His primary focus has been as Editor-in-Chief on the journal Biomaterials, which he has now taken to the top position in the world’s journals in this area. As the sole editor of this journal, he has been able to witness and encourage developments in biomaterials science around the world and, through his editorial style and outlook, has changed the way in which biomaterials are perceived and used. He travels extensively, especially in Asia, to promote excellence in scientific research and writing. In the pursuit of the globalization of excellence in biomaterials research, he has been elected to the position of President-elect of TERMIS, the international society concerned with regenerative medicine, and is actively promoting the application of biomaterials science in Asia and Africa. His latest research area, as Visiting Professor in the Christiaan Barnard Department of Cardiothoracic Surgery in Cape Town, is concerned with the development of low cost medical devices for critically ill patients in Southern Africa, especially the million or so young people who have rheumatic heart disease and are doomed to die by the time they reach 25 years of age. He also has visiting professorial positions in Sydney in Australia, Shanghai and Beijing in China, Taipei and in Trivandrum, India.

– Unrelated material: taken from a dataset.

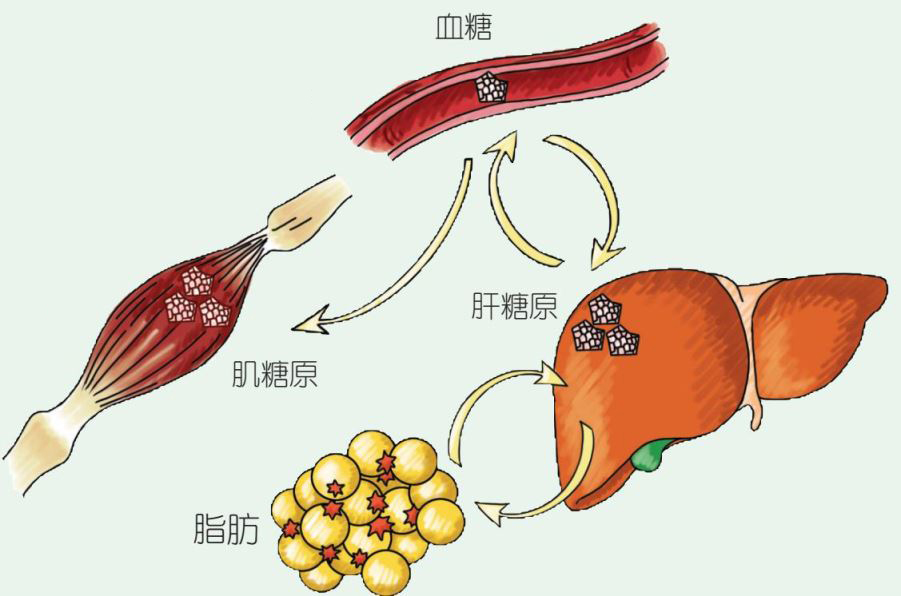 1929—1940年,捷克—美国生物化学家卡尔·科里和格蒂·科里夫妇发现,葡萄糖通过血液流动,被送往全身各处,在身体细胞中,葡萄糖被分解并产生能量;血液中葡萄糖浓度升高,表示糖分多余,此时血糖可转变为肝糖原将能量暂时储备起来,也可以转变成肌肉中的糖原(肌糖原),供给肌肉活动。合成糖原后剩余的血糖则可转变为脂肪,还可以在转氨酶的催化作用下转变为某些氨基酸。

Professor Williams has just finished a single-author book, on Essential Biomaterials Science, to be published by Cambridge University Press, nearly 40 years after publication of his first book. This new book is a combined textbook and monograph. It covers all of the essential principles of materials science relevant to medical technology and the uses of materials in wide-ranging areas such as drug and gene delivery, contrast agents for imaging, semiconductor quantum dots and upconversion nanoparticles for diagnostic systems, templates for tissue engineering and the long-established materials for implantable devices. Professor Williams introduces a new classification system for biomaterials, the first comprehensive unified theory of biocompatibility, the new concepts of tissue engineering templates and pathways for materials in nanomedicine, in this book.
Professor Williams will receive the Acta Biomaterialia Gold Medal Award at a session of the World Biomaterials Congress in June 2012 at Chengdu, China.